(Beginning of Exercise inputs)
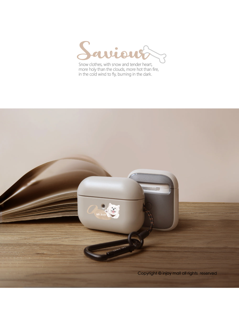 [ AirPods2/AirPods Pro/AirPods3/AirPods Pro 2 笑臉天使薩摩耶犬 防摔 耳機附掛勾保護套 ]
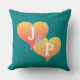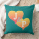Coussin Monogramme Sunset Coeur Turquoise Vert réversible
(End of Exercise inputs)
(Beginning of Exercise inputs)
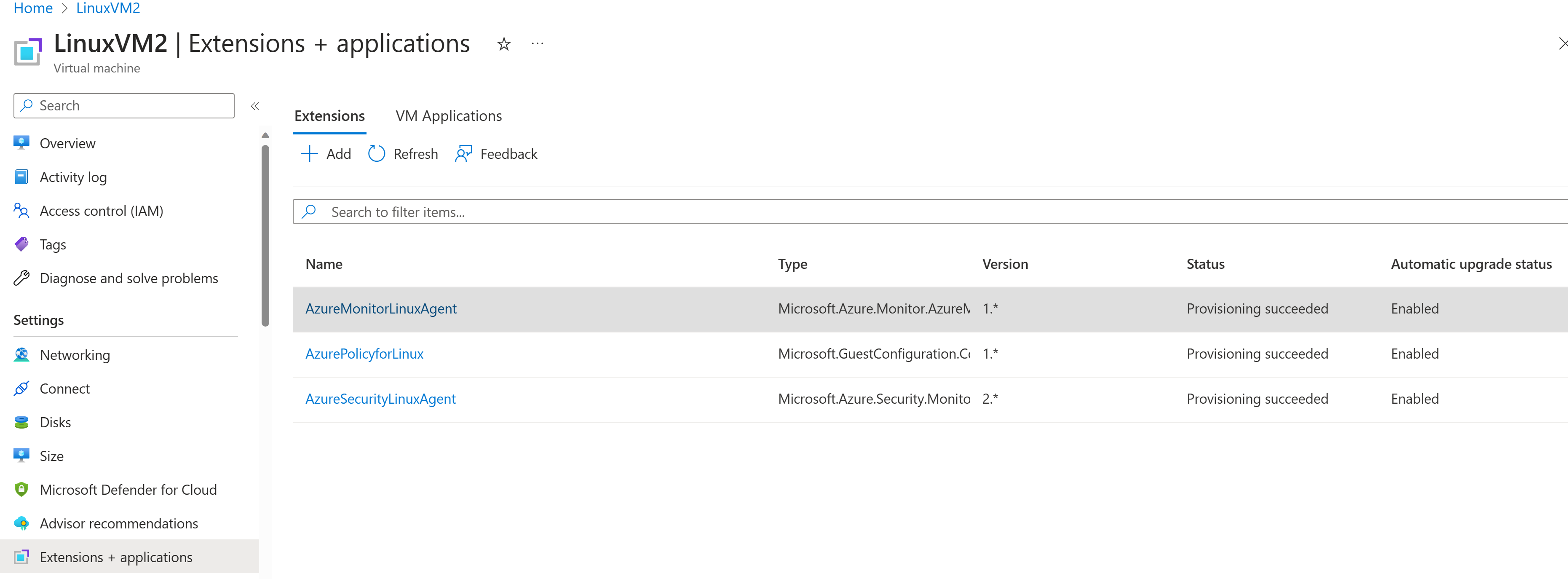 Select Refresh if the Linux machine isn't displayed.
(End of Exercise inputs)
● Task brief
How would the lines above read from the one with "[ AirPods2/AirPods Pro/AirPods3/AirPods" to the one with "Coussin Monogramme Sunset", inclusive, with no pictures? Write them out exactly.

● Task response
 [ AirPods2/AirPods Pro/AirPods3/AirPods Pro 2 笑臉天使薩摩耶犬 防摔 耳機附掛勾保護套 ]
Coussin Monogramme Sunset Coeur Turquoise Vert réversible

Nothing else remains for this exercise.